◆ **PROBLEM TO WORK ON**: Please copy all of the entries exactly, but drop every picture.
___ LISTED RECORDS
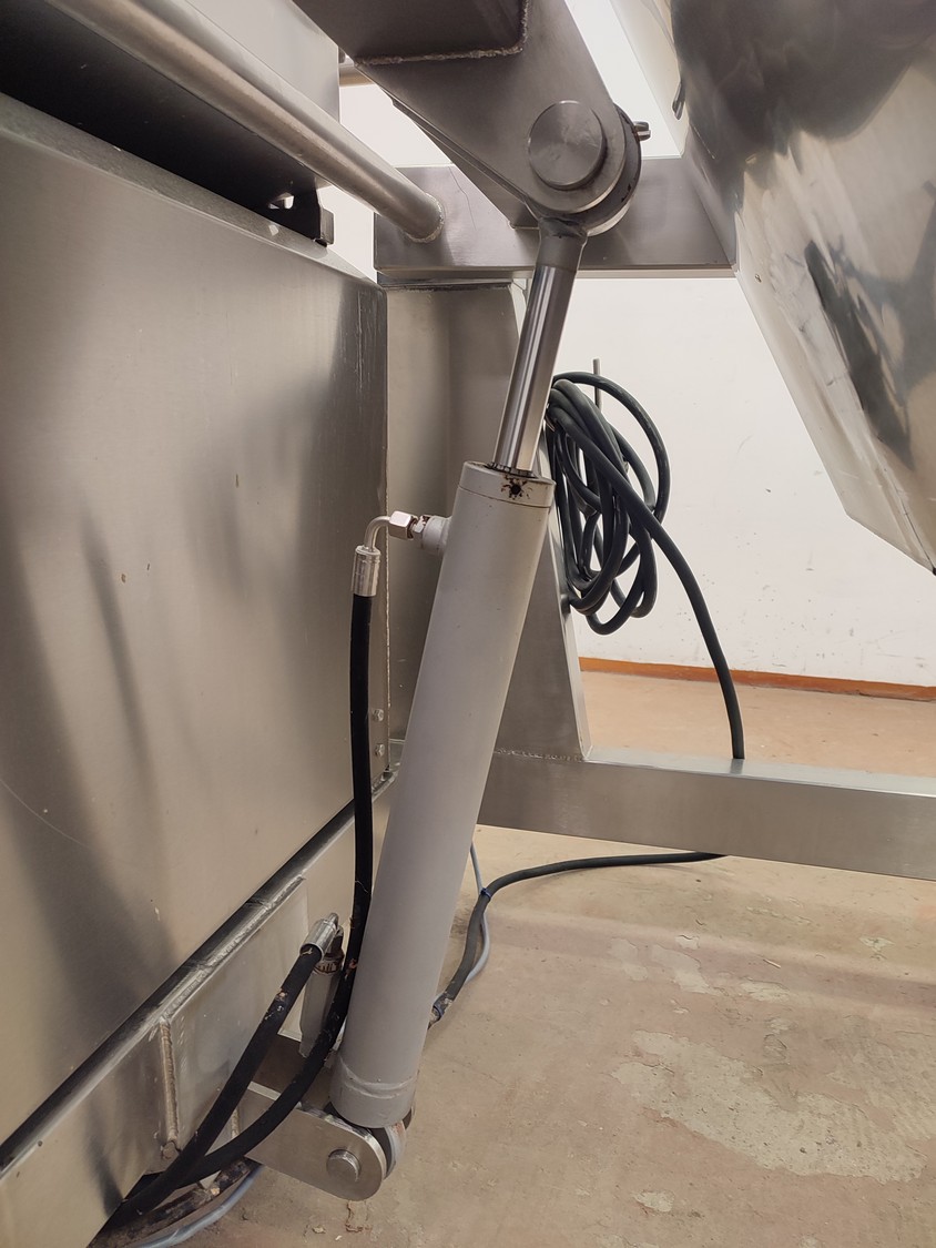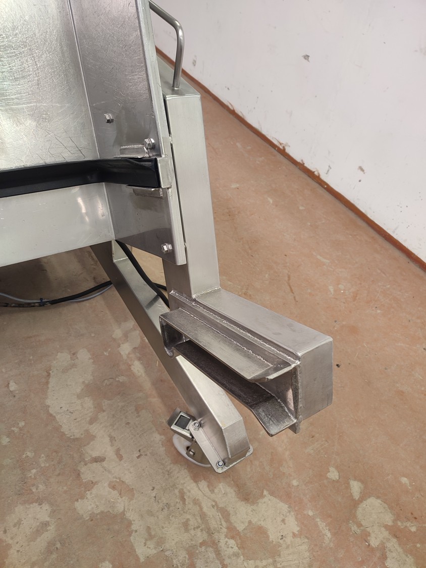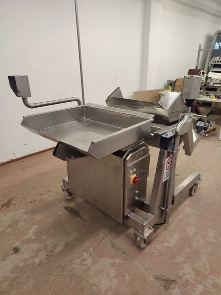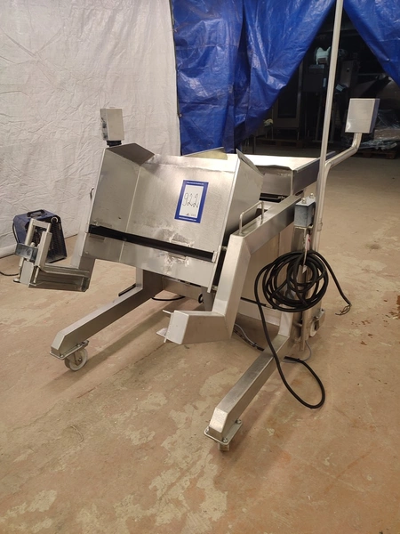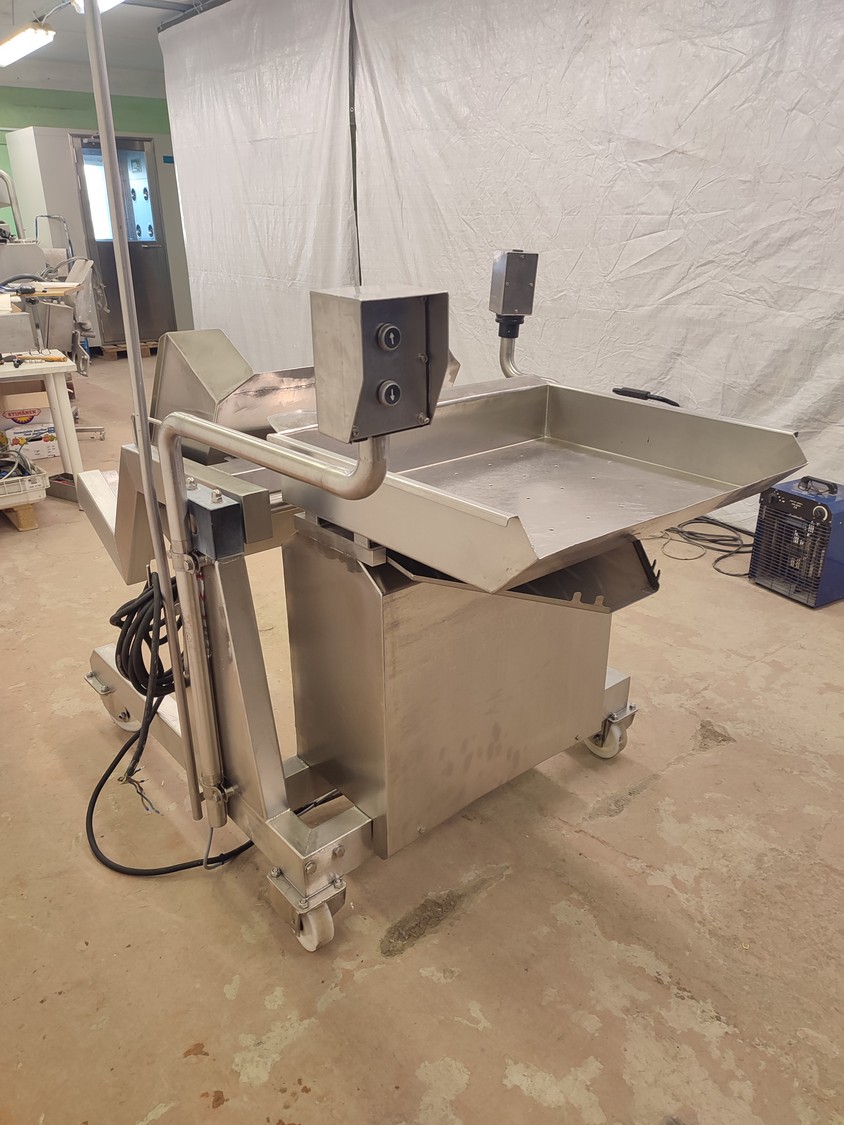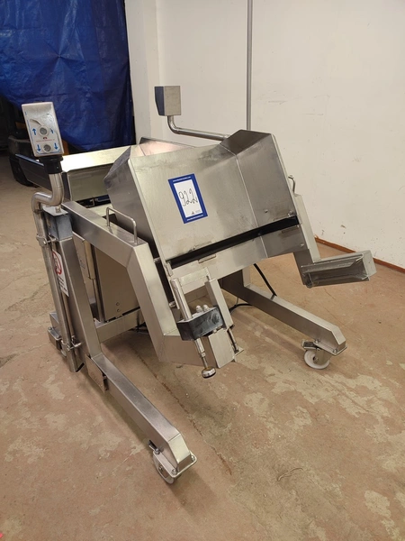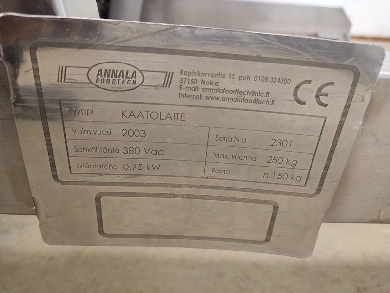 Annala Foodtech mobile tilting device for 200 liter meat bins, type: KAATOLAITE, serial number: 2301, year of construction: 2003, 380 V, 0.75 kW, capacity: 250 kg, weight: 150 kg, dimensions: 1650 mm x 1170 mm x 1900 mm.
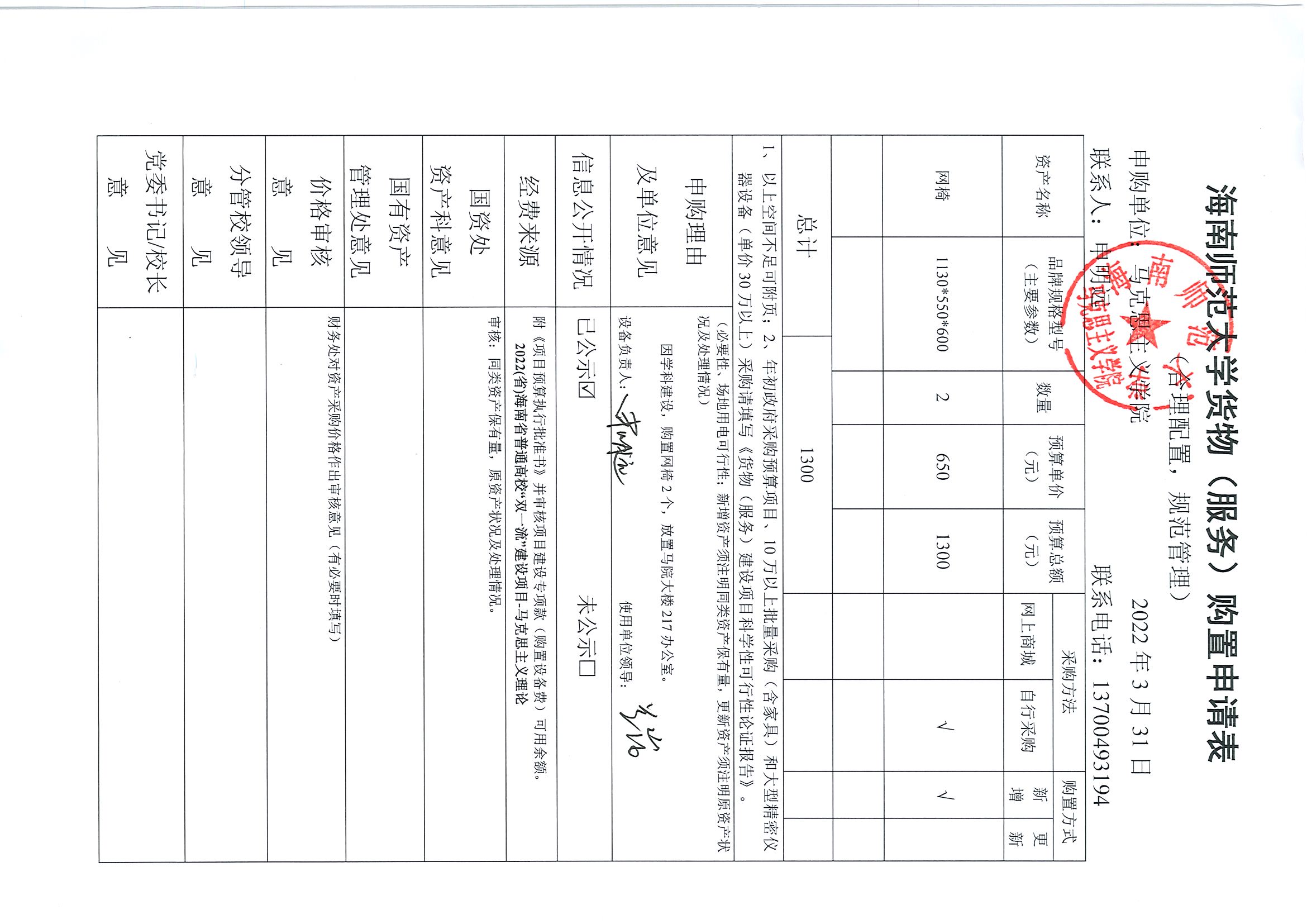 因马克思主义学科建设需要,购置网椅2张。按照学校固定资产采购要求,现予以信息公开。
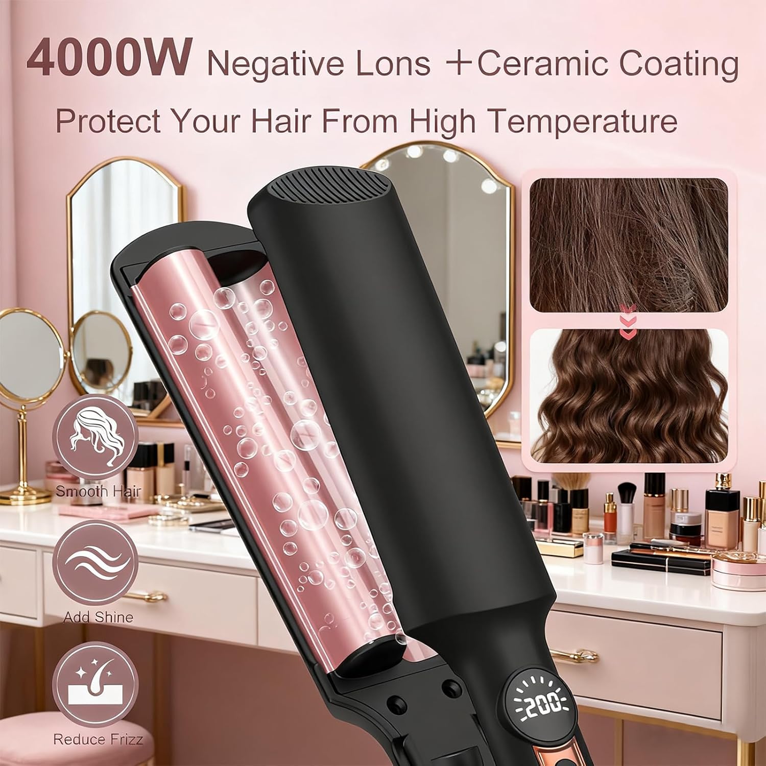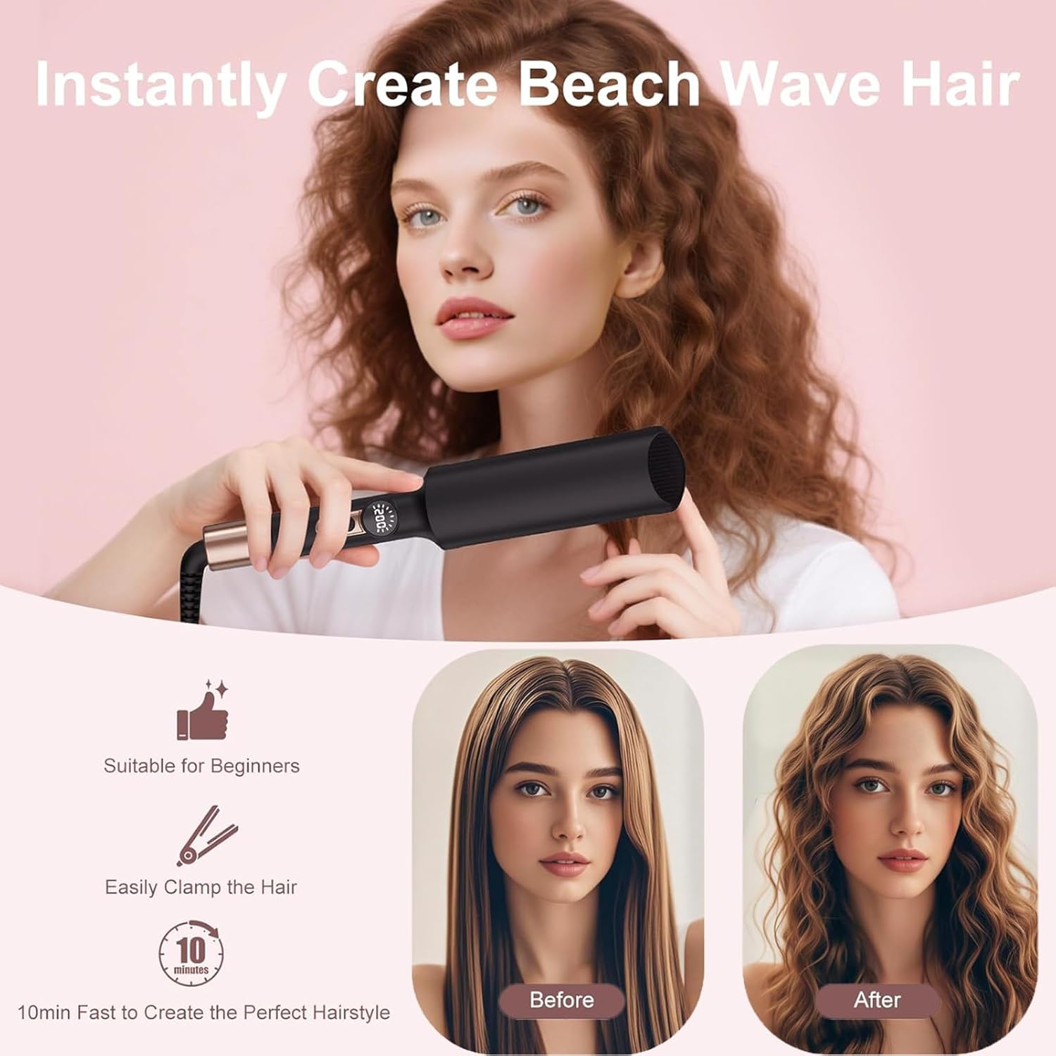 تصفيف يدوم لمدة 8 ساعات واستخدام متعدد الاستخدامات: تستخدم أداة تجعيد شعر حورية البحر تقنية قفل درجة الحرارة الثابتة، ويمكن أن تدوم الأمواج لمدة 8-12 ساعة دون أن تتفكك؛ مناسبة لتصفيف الشعر القصير والشعر المتوسط والشعر الطويل؛ يمكن لمكواة التجعيد تلبية احتياجات التصفيف للمناسبات المختلفة مثل العمل اليومي ونزهات عطلة نهاية الأسبوع والعطلات على شاطئ البحر، مما يحل تمامًا مشكلة “التصفيف الذي لا يدوم طويلاً طويلة طويلة ”
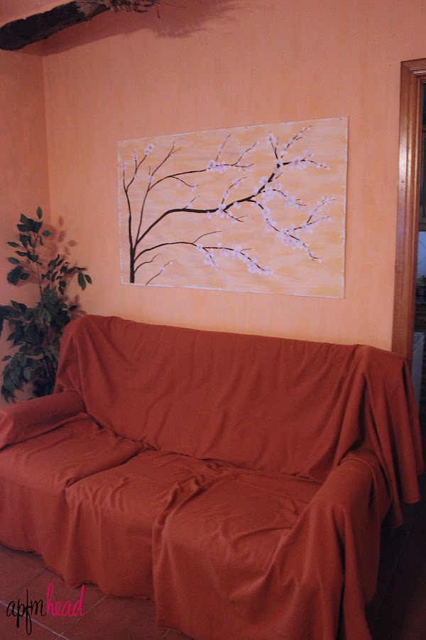 Con una tabla de la parte trasera de un viejo armario corté a medida para colocarla encima del sofá del comedor de la casa del pueblo. El cuadro mide 1,20 x 1 metros, es de los cuadros más grandes que he pintado. Los colores para el fondo son tonos salmón, ya que el comedor está pintado en esos tonos.
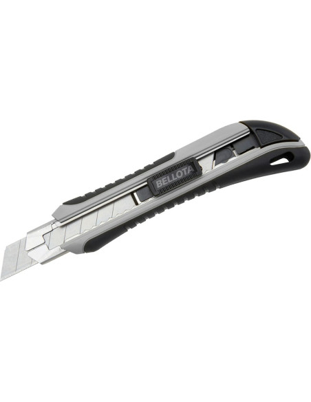 Cutter bimaterial de 18 mm con carcasa de aluminio y elastómero, incluye 6 cuchillas de acero al carbono de alta calidad tratadas térmicamente con recubrimiento de Titatnio para una máxima duración.
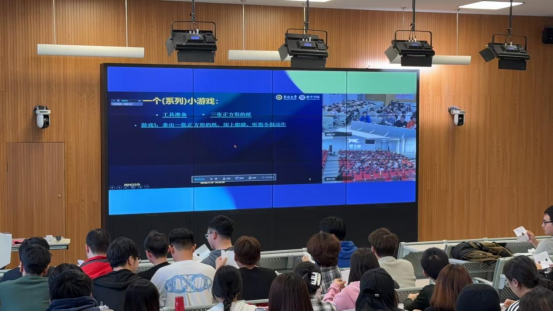 下午4点,关老师带领着四校近200名师生,以一个折纸小游戏作为同步课堂的开端。通过这个小游戏,关老师旨在启发学生认识到AI时代两项至关重要的学习能力:提出问题的能力以及清晰表达自己的能力。这两项能力的培养,正是关老师在AI和知识图谱支持下,实施线上线下融合教学的核心基石。
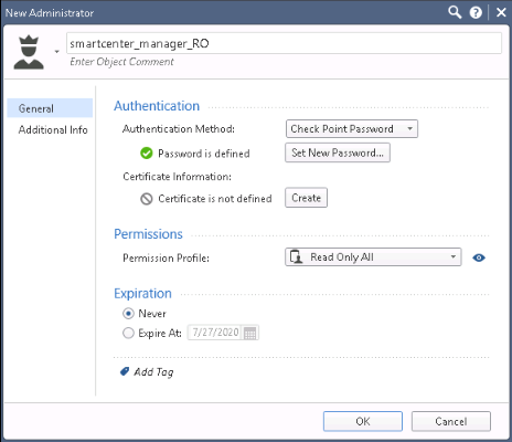 TOS uses Check Point APIs to connect to (and monitor) Check Point R80.x devices. A user with the SmartCenter Manager or Domain Manager profile who has the Read Only All Permission Profile configured for All Global Domains with the required collection access via the Check Point APIs can retrieve revisions for the device. On an SMC or a CMA:
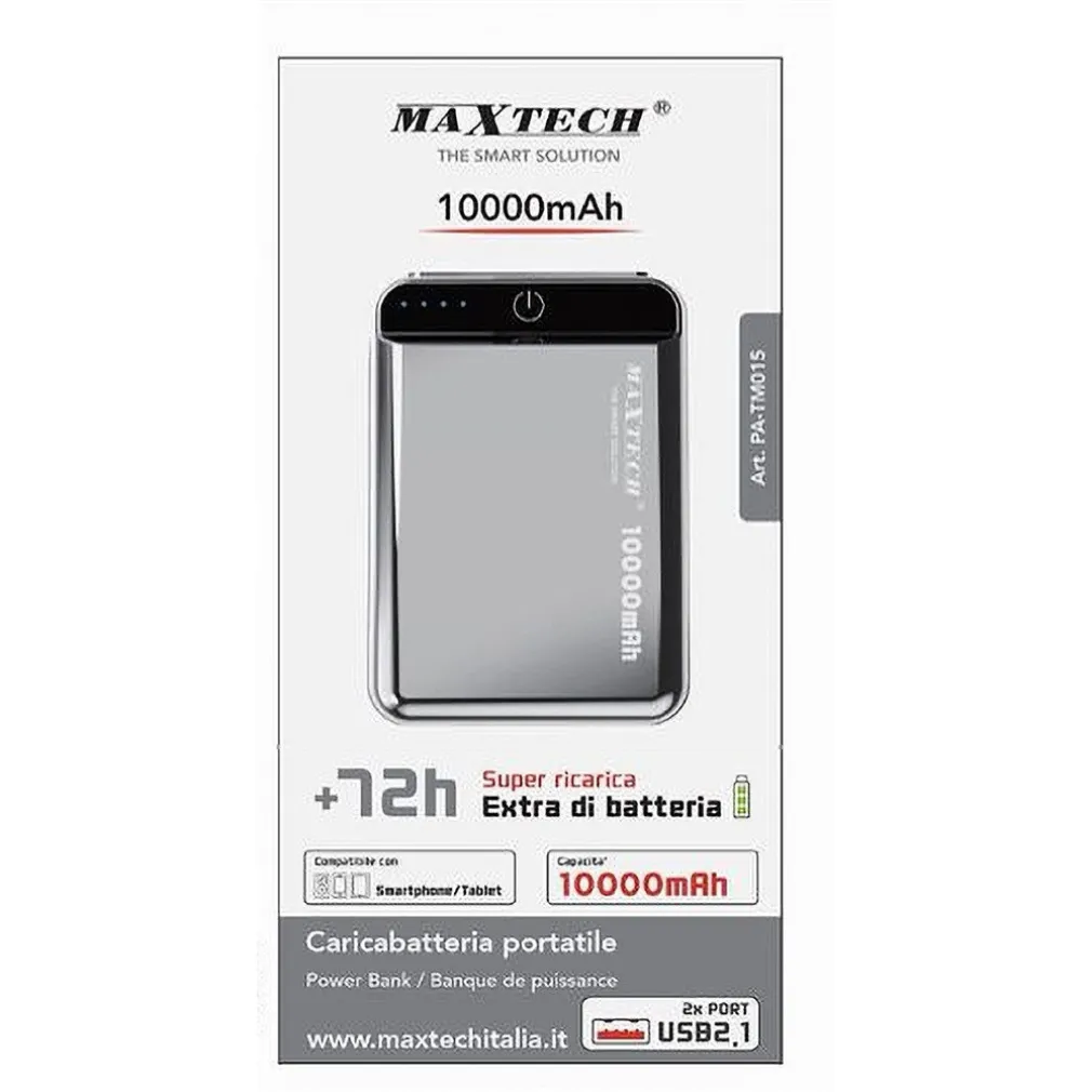 Benvenuto nel mondo dell’efficienza energetica senza compromessi! Se sei alla ricerca di un dispositivo affidabile per mantenere i tuoi smartphone e tablet sempre carichi, il nostro Power Bank 10000mAh 2xUSB 2.1A PA-TM015 è la soluzione perfetta per te. Grazie alla sua tecnologia di super ricarica e alla doppia uscita USB, potrai alimentare più dispositivi contemporaneamente, ovunque ti trovi.
______
◆ **RESPONSE TO THIS TASK**:
 Annala Foodtech mobile tilting device for 200 liter meat bins, type: KAATOLAITE, serial number: 2301, year of construction: 2003, 380 V, 0.75 kW, capacity: 250 kg, weight: 150 kg, dimensions: 1650 mm x 1170 mm x 1900 mm.
 因马克思主义学科建设需要,购置网椅2张。按照学校固定资产采购要求,现予以信息公开。
 تصفيف يدوم لمدة 8 ساعات واستخدام متعدد الاستخدامات: تستخدم أداة تجعيد شعر حورية البحر تقنية قفل درجة الحرارة الثابتة، ويمكن أن تدوم الأمواج لمدة 8-12 ساعة دون أن تتفكك؛ مناسبة لتصفيف الشعر القصير والشعر المتوسط والشعر الطويل؛ يمكن لمكواة التجعيد تلبية احتياجات التصفيف للمناسبات المختلفة مثل العمل اليومي ونزهات عطلة نهاية الأسبوع والعطلات على شاطئ البحر، مما يحل تمامًا مشكلة “التصفيف الذي لا يدوم طويلاً طويلة طويلة ”
 Con una tabla de la parte trasera de un viejo armario corté a medida para colocarla encima del sofá del comedor de la casa del pueblo. El cuadro mide 1,20 x 1 metros, es de los cuadros más grandes que he pintado. Los colores para el fondo son tonos salmón, ya que el comedor está pintado en esos tonos.
 Cutter bimaterial de 18 mm con carcasa de aluminio y elastómero, incluye 6 cuchillas de acero al carbono de alta calidad tratadas térmicamente con recubrimiento de Titatnio para una máxima duración.
 下午4点,关老师带领着四校近200名师生,以一个折纸小游戏作为同步课堂的开端。通过这个小游戏,关老师旨在启发学生认识到AI时代两项至关重要的学习能力:提出问题的能力以及清晰表达自己的能力。这两项能力的培养,正是关老师在AI和知识图谱支持下,实施线上线下融合教学的核心基石。
 TOS uses Check Point APIs to connect to (and monitor) Check Point R80.x devices. A user with the SmartCenter Manager or Domain Manager profile who has the Read Only All Permission Profile configured for All Global Domains with the required collection access via the Check Point APIs can retrieve revisions for the device. On an SMC or a CMA:
 Benvenuto nel mondo dell’efficienza energetica senza compromessi! Se sei alla ricerca di un dispositivo affidabile per mantenere i tuoi smartphone e tablet sempre carichi, il nostro Power Bank 10000mAh 2xUSB 2.1A PA-TM015 è la soluzione perfetta per te. Grazie alla sua tecnologia di super ricarica e alla doppia uscita USB, potrai alimentare più dispositivi contemporaneamente, ovunque ti trovi.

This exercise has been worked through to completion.